The police deploying the use of force in the presence of the Minister of Social Development is a clear indication that the Minister and SASSA has lost control of the current situation as more and more people make their way to SASSA offices. This was entirely predictable, given SASSA’s severe capacity constraints and the premature decision to allow temporary disability grants to lapse.

As the Black Sash has warned, SASSA simply does not have the capacity to safely and quickly attend to medical assessments while processing applications. We implore the Minister to act decisively to bring an end to vast crowds of beneficiaries trying to obtain their constitutional right to social assistance. SASSA needs to communicate better with beneficiaries, who remain in the dark about collection days, the process for renewing disability grants and the future of the Covid-19 Social Relief of Distress (SRD) grant.

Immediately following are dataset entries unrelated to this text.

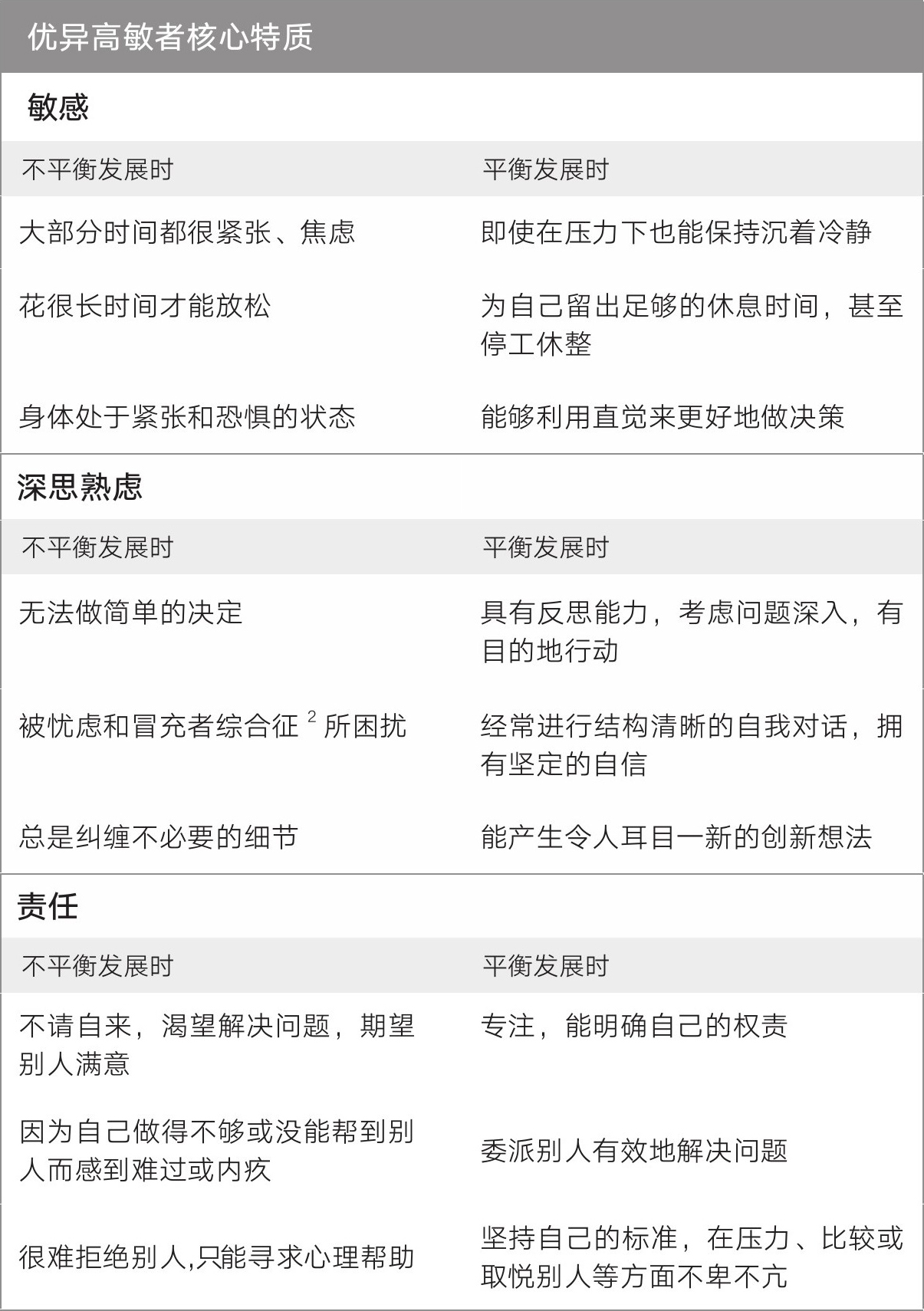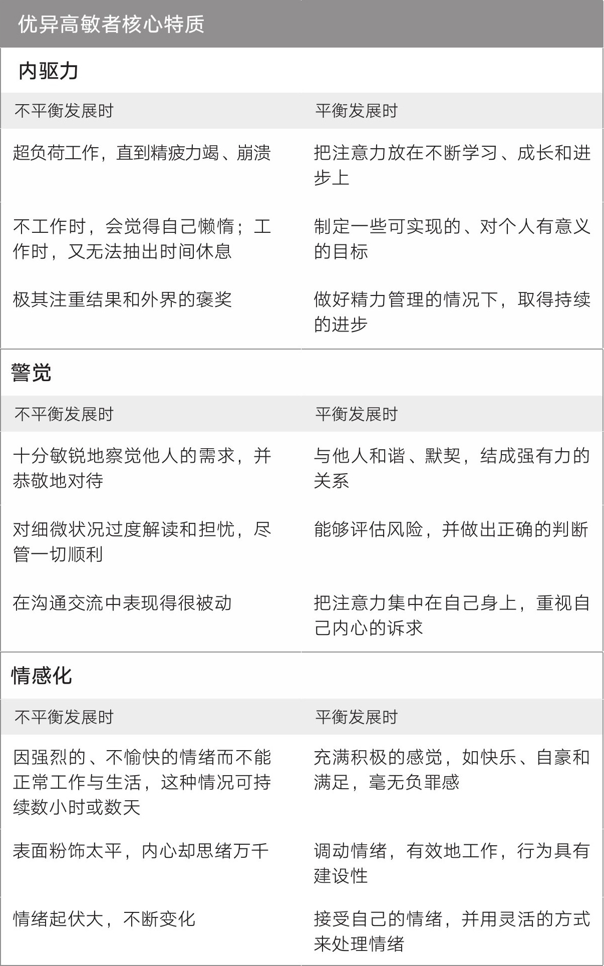 下面这张表可以帮助你理解优异高敏者六种核心特质在发展平衡与不平衡时的对应表现。
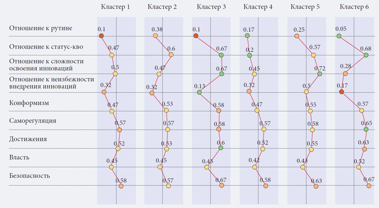 Хотя все менеджеры среднего звена выполняют сходные задачи, их личностные характеристики и поведение весьма различны. Чтобы достичь значимого результата, их ценности и сопротивление цифровому переходу изучались с помощью кластерного анализа, который позволил выявить специфические группы, способные по-разному реагировать на подобные инициативы (Hair et al., 2010). Эти сведения могут помочь организации адаптировать стратегии управления переменами к особенностям различных категорий руководителей, что повысит шансы на успех цифровизации.
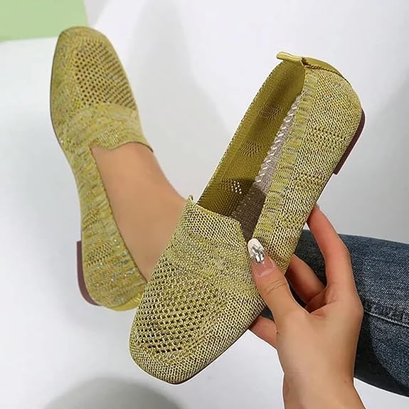 Women Sneakers Knitted Breathable Soft Side Soft Sole Casual Shoes Striped Mesh Comfortable Casual Shoes Leather Soles For Shoes Women
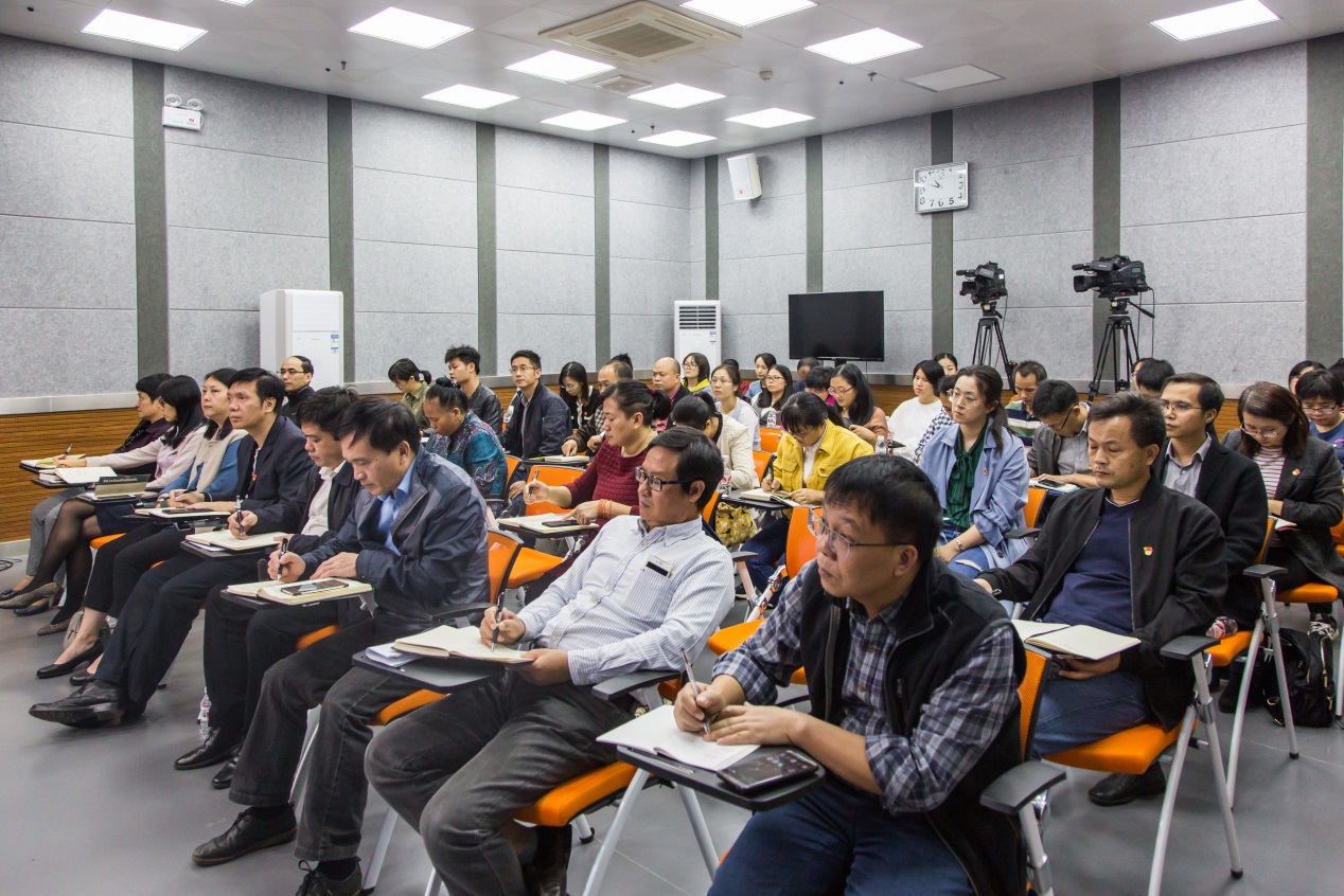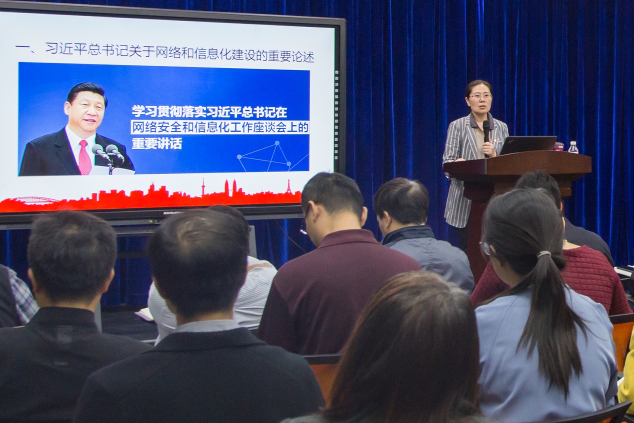 10月31日下午,学校副校长冷静在图书馆8楼多功能演播室给科技处、图书馆、现代教育技术与信息中心、网络和信息化管理办公室、外语部、药学院的处级干部、全体党员就“加快智慧校园建设,助推学校内涵发展”专题上主题教育党课。

The Black Sash calls on President Cyril Ramaphosa to intervene. As a result of Minister Zulu and SASSA’s inability to manage the situation, beneficiaries now face the risk of exposure to Covid-19 while crowding outside SASSA offices, with the added threat of police callously using force in the form of water cannons. The President must inform beneficiaries, and the nation, what will be done to ensure that non-violent means will be used to safely manage queues outside SASSA. At a national level, an intergovernmental task team must urgently be established, with representatives from civil society, to resolve this crisis.

DSD, SASSA and the police should publicly apologise to all those whose rights and dignity were violated today. SASSA and the City of Cape Town must resolve the current public dispute regarding access to community halls for SASSA service centres in the metro. Many of SASSA’s mobile services have been closed due to Covid-19 and it has been reported that SASSA staff are working at only 50% capacity.

The Black Sash demands, again, that SASSA reinstate and extend the temporary disability grants that lapsed on 31 December 2020 for three months, until March 2021. SASSA simply cannot manage the thousands of medical assessments that can be expected by those seeking to reapply. Given the current economic crisis, exacerbated by Covid-19, SASSA should expect the crowds outside its offices to continue to grow. Using the violence of water cannons to manage crowds desperately seeking social security to ward off destitution, hunger and poverty can never be government’s solution.

Today’s events signify a very disturbing moment in our democracy. People whose lives have been severely impacted by the ravages of Covid-19, and were seeking the support of the state to find the means to survive, were treated with violence and utter disrespect. The Minister of Social Development did very little to intervene while she sat safely inside a police vehicle. Events of this nature have no place in a constitutional democracy. Those who are responsible need to be held to account. SASSA’s broken systems need to be fixed urgently, and those seeking social protection from the state must be treated with the respect they deserve.